Notice the gold connector at the top of the card.

In order to make use of NVIDIA's SLI technology, two NVIDIA cards are placed in a system (which requires 2 PCIe x16 slots - more on this later), and the cards are linked together using a special piece of hardware. Currently, this communications hardware is a small PCB with a slot connector at each end. No pass through cable is needed, and one video card acts as the master (connected to the monitor) and the other is the slave.

SLI PCB top view.

SLI PCB bottom view.

When asked whether it would be possible to connect the cards together with something along the lines of a cable, NVIDIA indicated that the PCB approach had afforded them superior signaling qualities, but that they continued to look into the viability of other media. As this is new technology, NVIDIA is slightly weary of sharing some of the lower level details with us. We asked whether their SLI uses a serial or parallel interface (usually fast parallel interfaces are more sensitive to signal routing), but we were told that they may or may not be able to get back to us with that information. Either way, this is going to have to be a very high bandwidth connection as it's over this path that the GPUs will communicate (this includes sending framebuffer data for display).

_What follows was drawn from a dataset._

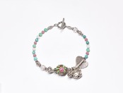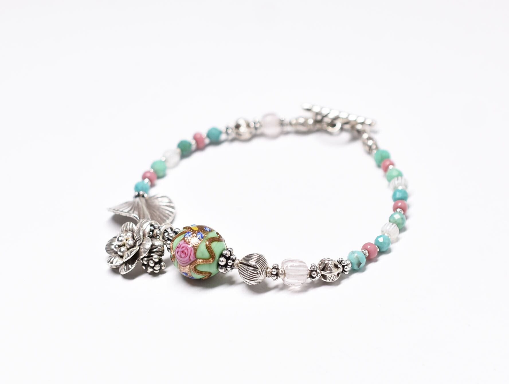 ミントグリーンヴェネチアアンティーク薔薇と勿忘草とカレンシルバー、グーズベリー、ピンクマサイ、ターコイズを繋いだブレスです。

As previously mentioned, this setup requires having 2 PCIe x16 slots available on one's motherboard. Not only is this going to be difficult to come by in the first few months of PCIe motherboard availability, but currently, none of Intel's chipsets support more than 24 PCIe lanes. The current prototypes of motherboards with two PCI Express x16 slots are actually only using one PCI Express x16 interface and one x8 interface, simply with an x16 connector (so it's physically an x16 slot, but electrically, an x8 slot). This reduces the bandwidth available to the 2GB/s up and down (which is still more than AGP 8x can handle). That's not to say that PCIe bandwidth is necessary for gaming at the moment. The real problem is that there would be no other PCIe slots available for expansion cards. But x1 and x4 PCIe expansion cards haven't been making many waves, so until chipsets support more than 24 PCIe lanes and more PCIe expansion cards come out, it might be possible to get away with this.

NVIDIA Quadro connected in SLI configuration.

Until now, we've just mentioned NV45 as supporting this, but NVIDIA seems to be indicating that all their PCIe cards will have the capability to run in SLI configurations. This includes the Quadro line of workstation graphics cards. This is very interesting, as it shows NVIDIA's commitment to enhancing performance without degrading quality (CAD/CAM professionals can't put up with any graphical artifacts or rendering issues and can always use more graphics power).

But let's move on to the meat of the technology.

It's Really Not Scanline Interleaving

So, how does this thing actually work? Well, when NVIDIA was designing NV4x, they decided it would be a good idea to include a section on the chip designed specifically to communicate with another GPU in order to share rendering duties. Through a combination of this block of transistors, the connection on the video card, and a bit of software, NVIDIA is able to leverage the power of two GPUs at a time.

NV40 core with SLI section highlighted.

As the title of this section should indicate, NVIDIA SLI is not Scanline Interleaving. The choice of this moniker by NVIDIA is due to ownership and marketing. When they acquired 3dfx, the rights to the SLI name went along with it. In its day, SLI was very well known for combining the power of two 3d accelerators. The technology had to do with rendering even scanlines on one GPU and odd scanlines on another. The analog output of both GPUs was then combined (generally via a network of pass through cables) to produce a final signal to send to the monitor. Love it or hate it, it's a very interesting marketing choice on NVIDIA's part, and the new technology has nothing to do with its namesake. Here's what's really going on.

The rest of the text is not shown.